All creatures have a propensity to become acclimated to that in which they live, and all creatures by that acclimation come to understand reality through that environment. And because of this, we all are to an extent blinded to those things in which have been reared and cannot rightly understand reality until we are removed from that environment, like a fish from water.

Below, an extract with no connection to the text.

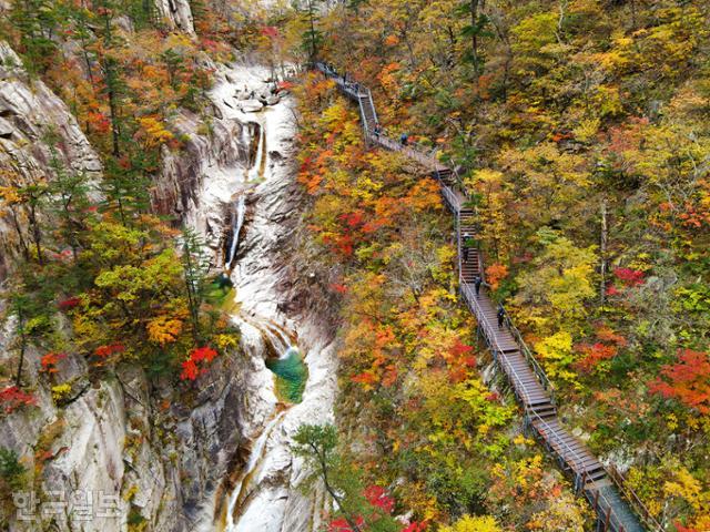 신흥사에서 약 1㎞ 구간은 순한 길이고, 비선대를 지나면 본격적으로 천불동계곡이다. 아찔한 절벽이 끝없이 이어지고, 하얀 물줄기는 바위를 타고 매끄럽게 흘러내린다. 수없이 많은 기암괴석을 불상에 비유한 천불동이다. 귀면암 고개를 넘고 가파른 계단을 올라 오련폭포에 닿으면, 설악산 단풍이 왜 최고인지 이해하고도 남는다. 새하얀 물줄기가 깊은 골짜기로 떨어졌다 고이고 다시 미끄러진다. 그렇게 생긴 다섯 개의 웅덩이마다 푸르스름한 옥수가 담겼다. 그 산비탈로 단풍이 흩뿌려져 있으니 감탄사가 절로 나온다.

And religion is not immune to this reality. Richard Dawkins was not incorrect in his observation that people tend to devote themselves to the religion that dominates their particular locale. If a man grows up in Saudi Arabia, there is an excellent chance that he will adopt Islam. If another man grows up in India, it is likely that he will ascribe to something resembling Hinduism. And if a man grows up in the Southern United States, there is an excellent chance that he will call himself a Christian and say he believes in Jesus. That is simply the reality. Where Dawkins is wrong is not in his observation but in his conclusions, for such a reality does not demand that there be no true religion, and it discounts his own atheism, which is as much a product of his upbringing as religion is in the lives of others.

What such an observation should do is make us wary of our tendency to presume things. For it does not matter who we are or where we are, we all have certain presuppositions that frame and permeate all that we say, think, and believe. In the “Bible Belt” of the southern United States, this is no different. Most of us who have grown up in South have heard the name of Jesus since we were born and have been in a church every Sunday ever since. We believe that Jesus loves us, because “the Bible tells [us] so,” and that “Father Abraham had many sons … [and] I am one of them and so are you.” And we believe these things along side our die-hard American patriotism that feels that we ought to have prayer in public schools and that the “Pledge of Allegiance” should be said before our church services. We also believe whole-heartedly in the American Dream, and we work hard every day of our lives so that we might one day have a nice house surrounded by a white-picket fence, be married with 2.3 children, have two SUVs in the driveway, and retire by age sixty.

We aspire for all these things, and we never question their pursuit. We simply presume that they are good and God-honoring desires, because they have been drilled into us our whole lives. “God wants you to have a nice life.” “God wants you to succeed.” “God wants you to get married and have children.” “God wants you to send your children to a private school.” “God wants you to be a Republican and a fiscal conservative.” “God wants you to listen to His Radio and K-Love.” God wants you to eat Chick-fil-a.” All these things and thousands more shape Southern American Christianity, and no one questions these things, because if you are a white, middle-class Christian these things are part-and-parcel of the religion.

Therefore, when two “Christian” movies–Facing the Giants and Fireproof–come out of Georgia (shocking), the white, southern Christian population instantly falls in love with them. And not because of the great acting (which is actually horrific), or the excellent storyline (which is ridiculously predictable), but because it represents the God that they know and love–a benign genie that appears to godless men and through belief in him gives them the “reasonable” desires of their hearts–a decent, steady job, a football team that wins, a pregnant wife, and a marriage saved from divorce through Chick-fil-A. If the movie had presented a Joel Osteen god that gave health to sick people and riches to the poor, it would have been rejected as false and ridiculous, but since it displayed those things which we are taught to aspire to, we give no objection. We could care less that the movies do not demonstrate that God in Christ is the End of Christianity but instead demonstrates that we are the end of Christianity, because our Christianity does end in us. And it is this Christianity which we believe, because it is this Christianity which we have been taught.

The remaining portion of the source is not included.